Honestly, although it's not exactly what you are mentioning, have you read the section called "modifying encounter difficulty" ? "Increase the difficulty of the encounter by one step (from easy to medium, for example) if the characters have a drawback that their enemies don’t. Reduce the difficulty by one step if the characters have a benefit that their enemies don’t. Any additional benefit or drawback pushes the encounter one step in the appropriate direction. If the characters have both a benefit and a drawback, the two cancel each other out."
So one issue with the difficulties area, is what happens with 2x, 3x, 4x type deadly.
Does a 2x deadly drop to "just deadly" with a situational benefit, or does it drop all the way to hard?
Such a rule would not be necessary if 2x or 3x deadlies were so hard it would be "ludicrous" for a DM to use them.... but frankly I throw 2x and 3x encounters at my parties all the time, and even 4x and 5x on occasion
And yes that section can be useful but it doesn't even cover all standard options that are common for players to deal with. People mentioned having ranged characters against melee, is that worth a difficulty drop? Magic Items of course are a big one, while they are "optional" you certainly see them a lot in the various modules....so at least some token lip service to them would be expected (aka players have +1 weapons and maybe armor, what does that do....a least the basics). Or feats, if I allow feats should I just automatically assume 1 difficulty drop, or is it a half one, or does it not change the difficulty?

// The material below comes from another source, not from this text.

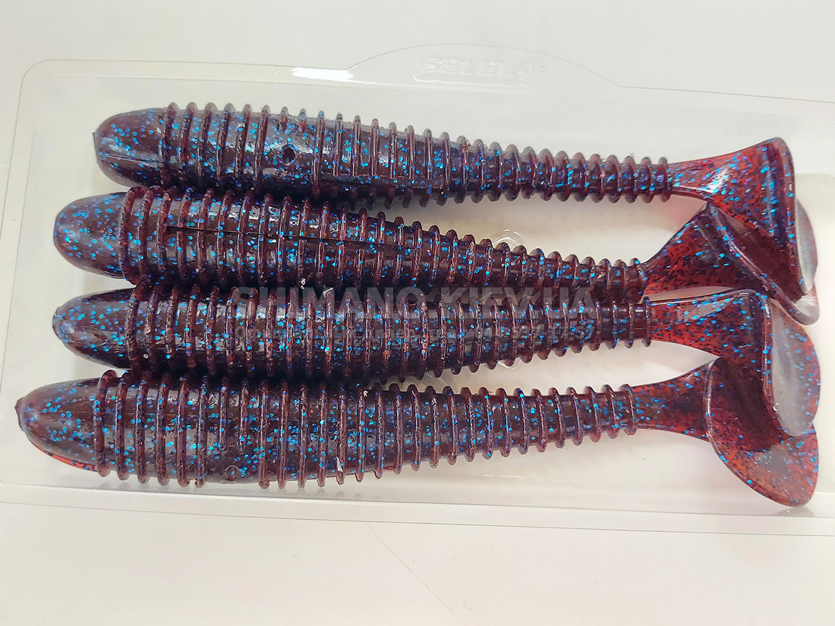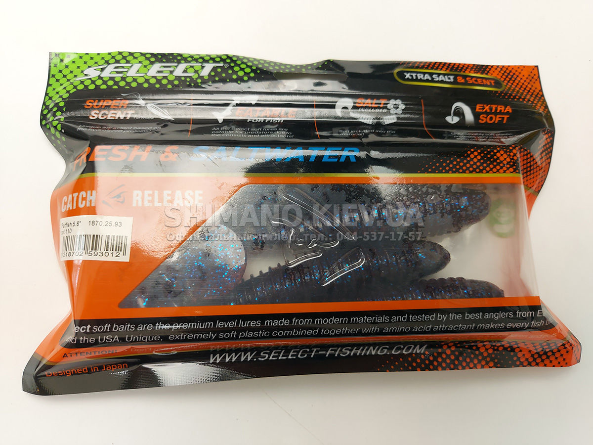 Силікон Select FatFish - віброхвіст з об'ємним тілом, покритим м'якими ребрами, як і у моделі FatFish. У приманки FatFish в нижній частині є спеціальне місце для додаткового підвантаження, якщо передбачається використовувати її в якості свімбейта. Під час проводки, за рахунок еластичності матеріалу, хвіст дуже розмашисто виляє по сторонам, вібрація від якого з великої відстані приваблює рибу. Ребра на тілі виконують кілька функцій. По-перше, вони створюють додаткову вібрацію, що приваблює рибу. По-друге, рифлене тіло на багато м'якше цільного, що позитивно позначається на грі приманки. По-третє, при клюванні риби, ребра легко зминаються і починають активно виділяти смакові добавки, що містяться в складі силікону, так що риба не помічає підступності і продовжує його заковтувати. Спокусливі виляння всім тілом і каламуть, що піднімається з дна джиг-головкою, активно привертають увагу риби, яка сміливо кидається на силікон.

I respect that a simple system based on CR is not going to be perfect, a simple model will high variance, and a rigorous one would create far more complexity than most are comfortable with. But I can also say having run games for a long time under 3.0,3.5,4e, and now 5e.... that 5e's encounter difficulty estimate is the "worst by far". When I ran deadly encounters in 3.5....my players were sweating. In 5e if I'm not at 2x/3x deadly, its barely a real encounter.

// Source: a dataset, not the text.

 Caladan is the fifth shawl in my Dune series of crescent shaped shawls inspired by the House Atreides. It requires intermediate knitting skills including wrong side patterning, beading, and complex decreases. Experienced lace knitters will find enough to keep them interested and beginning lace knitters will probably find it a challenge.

One reason is bounded accuracy prevents monsters from scaling quickly, and so it takes quite a lot of extra oomph to challenge a party. The other is the death save system pads monster offense. Doubling a monster's attack damage on an attack for example will surely blow through your hp quicker but rarely is it enough damage to trigger instant death (past 5th level or so). Therefore when it comes to "finishing off a PC", a monster doing 20 damage is the same as one doing 10. This gives a very large cushion for players and tends to dramatically reduce the potency of greater offense. That is not inherently bad, in fact the "death cushion" is a very nice feature for many players (it also helps reduce the chance that a DM just mows through their party with an oops)....but it does mean the depth of encounters a party can handle is often much higher than the rules suggest.
Aka I wish they had just widened the range, increased them by 1.5x or so, maybe even 2x.